Task goal: Please repeat every record below exactly as written, but leave out the pictures.

(Source material begins)

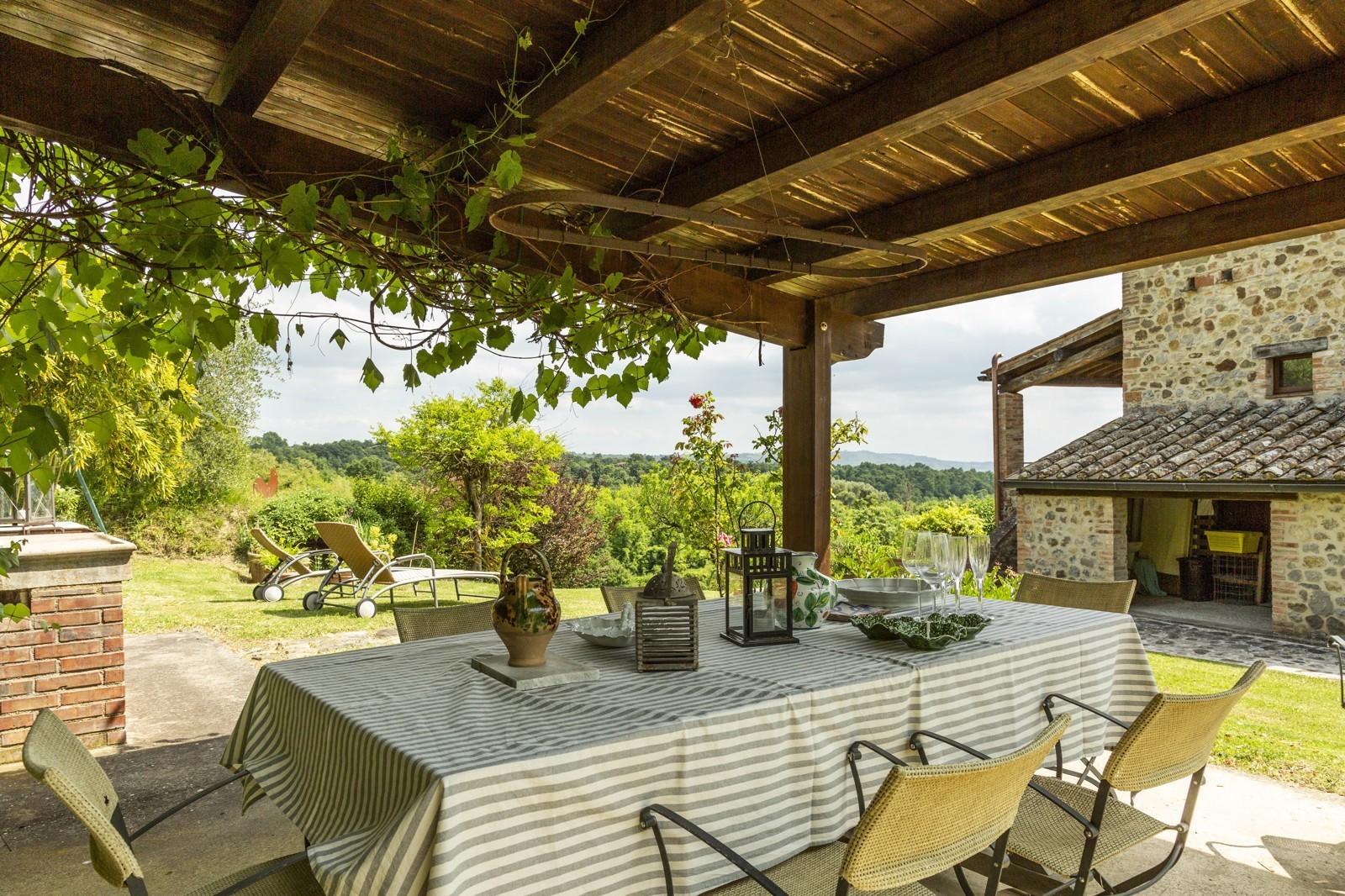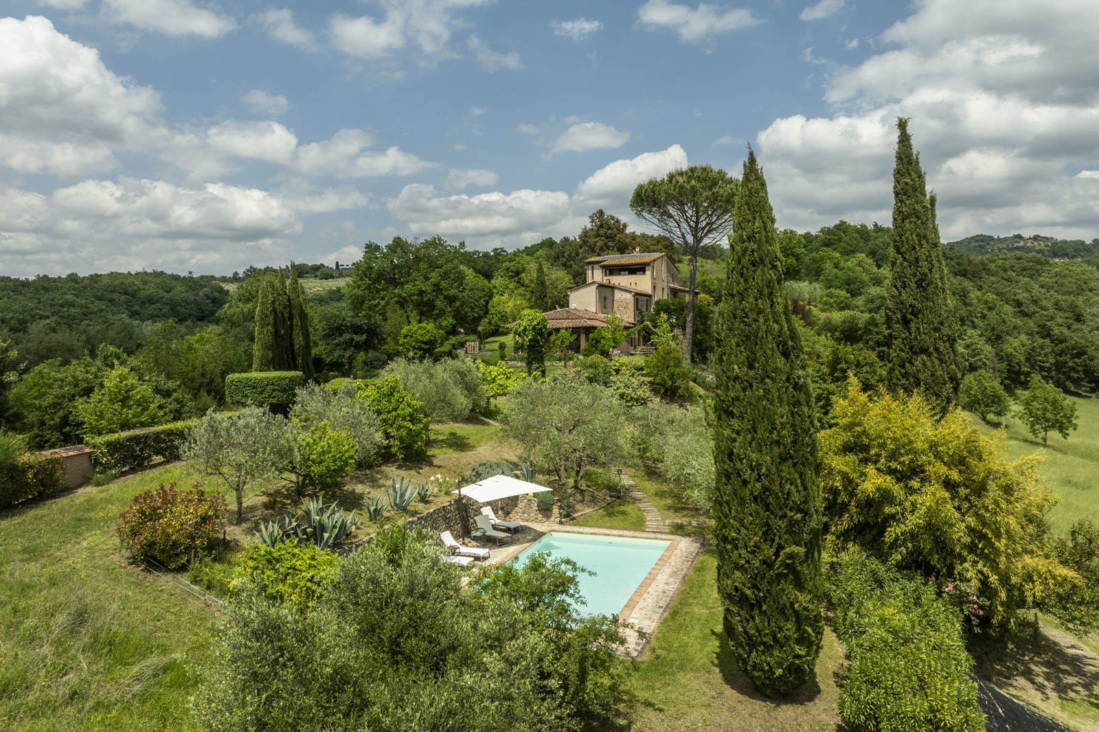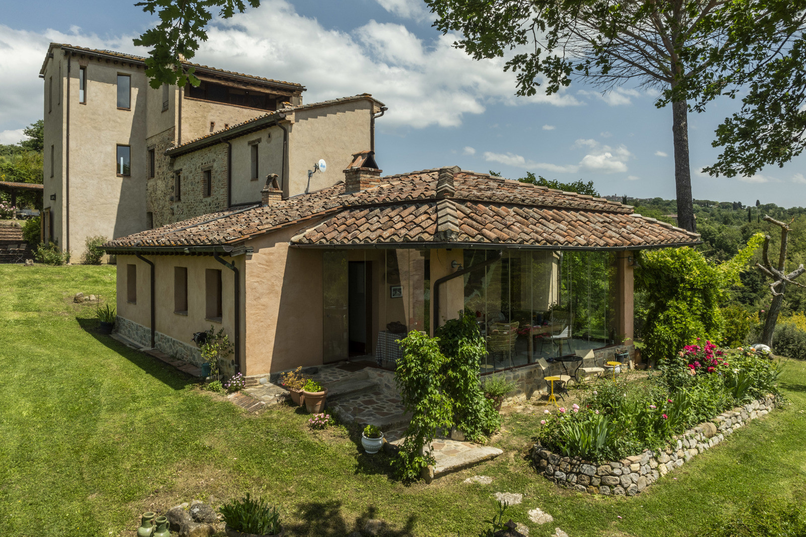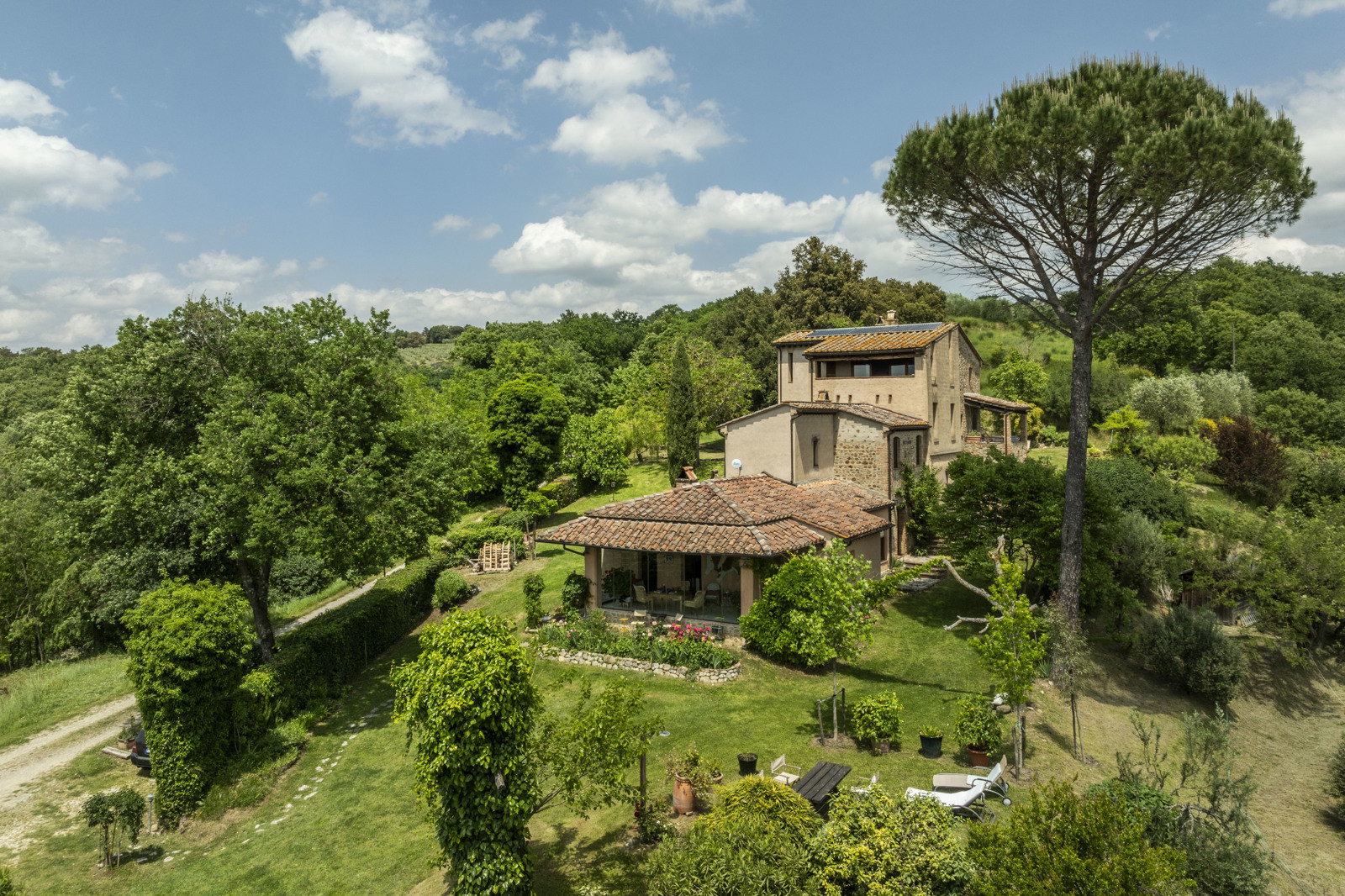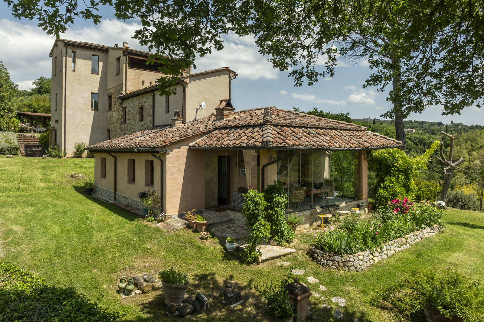 Near Città della Pieve, an exclusive country house of about 500 sqm with a wonderful garden and swimming pool, surrounded by 8 hectares of land.
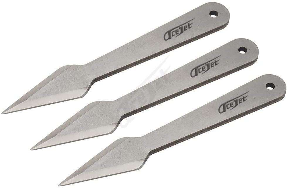 - Tre professionella kastknivar: Direkt redo för användning och träning.
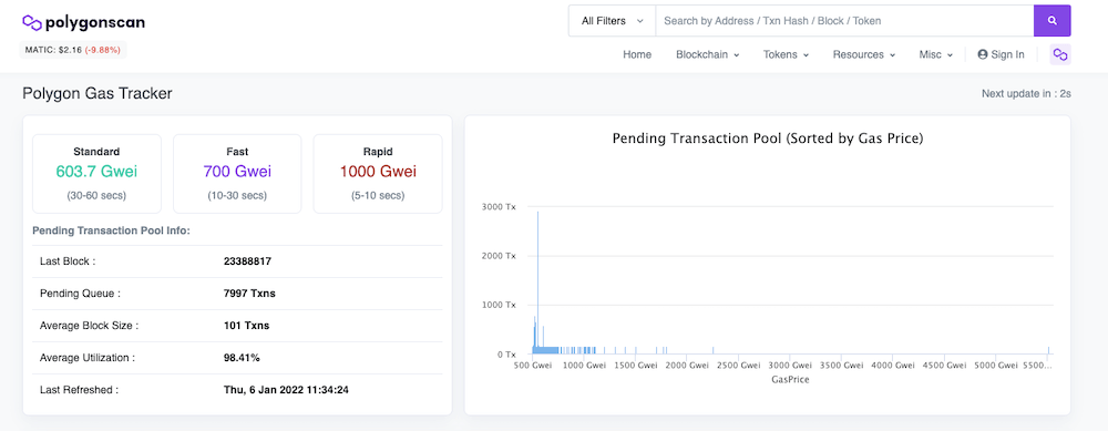 이더리움 체인은 1TX = 50~100달러가 드는 일도 드물지 않기 때문에 폴리곤이 최대 1TX = 1달러 상당의 1000Gwei까지 치솟았다고는 하지만, 상대적으로는 저렴한 부류라 할 수 있지만 NFT 대여 프로토콜인 Double Protocol이 AlphaPass의 발매를 연기하는 등의 영향을 미치기 시작하고 있어 우려하고 있다.
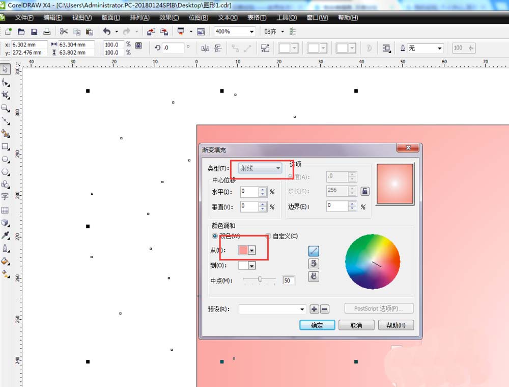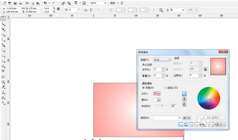 7、去掉輪廓色,填充漸變粉色,射線漸變,如圖
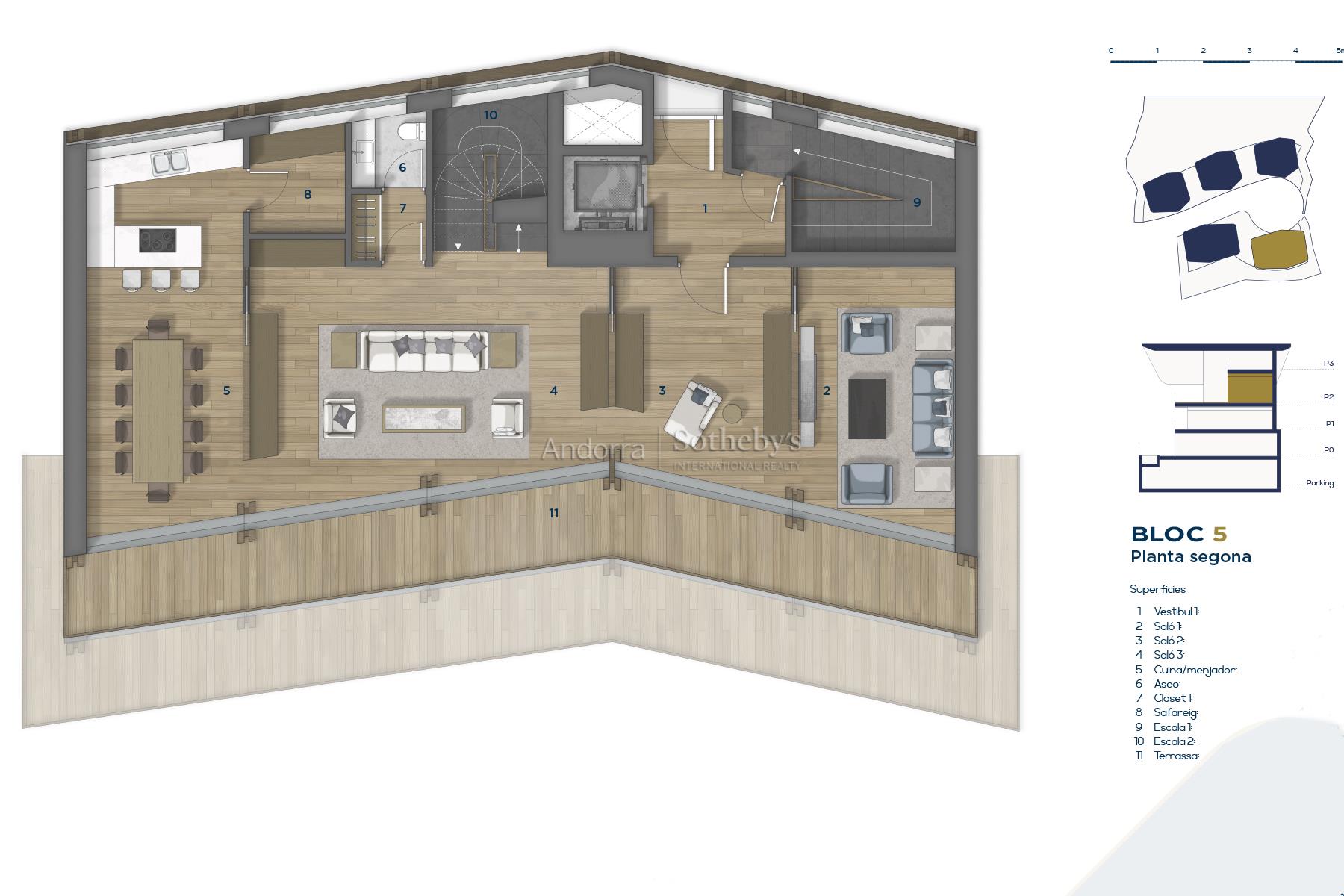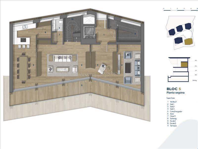 在迷人的奧爾迪諾村出售的獨家別墅,這是安道爾公國第一個被指定為生物圈保護區的目的地。這處令人驚嘆的物業是新建項目的一部分,以其優越的地理位置和奢華的設計而聞名,設計由著名的建築事務所拉斐爾·德拉霍茲建築師負責。 這是一處新建的物業,面積約669平方米,包括多個最佳方向的露台,以提供最大的自然光照,並享受奧爾迪諾及其山谷的壯麗景色。 底層旨在休閒,擁有水療區和健身房,還有一個電影院。在這一層還有兩間雙人套房,配有完整的浴室,一個客用衛生間和一個儲藏區,以及一個寬敞的露台。在第一層是休息區的延續,包括兩間套房,配有完整的浴室,以及該物業的主套房,設有更衣室和完整的浴室。所有臥室均可通往露台。第二層設有一個大型廚房,配有中央島,裝備了最新技術,並開放至一個舒適的餐廳,並可以通往露台。該區域還設有一個客廳和一個圖書館,這兩個空間同樣通往露台,還有一個客用衛生間和一個洗衣區。在最上面的閣樓層,有一個功能性的辦公室。 該物業擁有8個每個11.5平方米的停車位,總停車面積約706平方米。 裝修優雅且質量上乘,物業設計結合了現代元素,如大型窗戶,與傳統的安道爾石材和木材建築相結合,旨在更好地融入周圍環境,保持該國的精髓。特征

(Source material ends)

Exercise solution:
 Near Città della Pieve, an exclusive country house of about 500 sqm with a wonderful garden and swimming pool, surrounded by 8 hectares of land.
 - Tre professionella kastknivar: Direkt redo för användning och träning.
 이더리움 체인은 1TX = 50~100달러가 드는 일도 드물지 않기 때문에 폴리곤이 최대 1TX = 1달러 상당의 1000Gwei까지 치솟았다고는 하지만, 상대적으로는 저렴한 부류라 할 수 있지만 NFT 대여 프로토콜인 Double Protocol이 AlphaPass의 발매를 연기하는 등의 영향을 미치기 시작하고 있어 우려하고 있다.
 7、去掉輪廓色,填充漸變粉色,射線漸變,如圖
 在迷人的奧爾迪諾村出售的獨家別墅,這是安道爾公國第一個被指定為生物圈保護區的目的地。這處令人驚嘆的物業是新建項目的一部分,以其優越的地理位置和奢華的設計而聞名,設計由著名的建築事務所拉斐爾·德拉霍茲建築師負責。 這是一處新建的物業,面積約669平方米,包括多個最佳方向的露台,以提供最大的自然光照,並享受奧爾迪諾及其山谷的壯麗景色。 底層旨在休閒,擁有水療區和健身房,還有一個電影院。在這一層還有兩間雙人套房,配有完整的浴室,一個客用衛生間和一個儲藏區,以及一個寬敞的露台。在第一層是休息區的延續,包括兩間套房,配有完整的浴室,以及該物業的主套房,設有更衣室和完整的浴室。所有臥室均可通往露台。第二層設有一個大型廚房,配有中央島,裝備了最新技術,並開放至一個舒適的餐廳,並可以通往露台。該區域還設有一個客廳和一個圖書館,這兩個空間同樣通往露台,還有一個客用衛生間和一個洗衣區。在最上面的閣樓層,有一個功能性的辦公室。 該物業擁有8個每個11.5平方米的停車位,總停車面積約706平方米。 裝修優雅且質量上乘,物業設計結合了現代元素,如大型窗戶,與傳統的安道爾石材和木材建築相結合,旨在更好地融入周圍環境,保持該國的精髓。特征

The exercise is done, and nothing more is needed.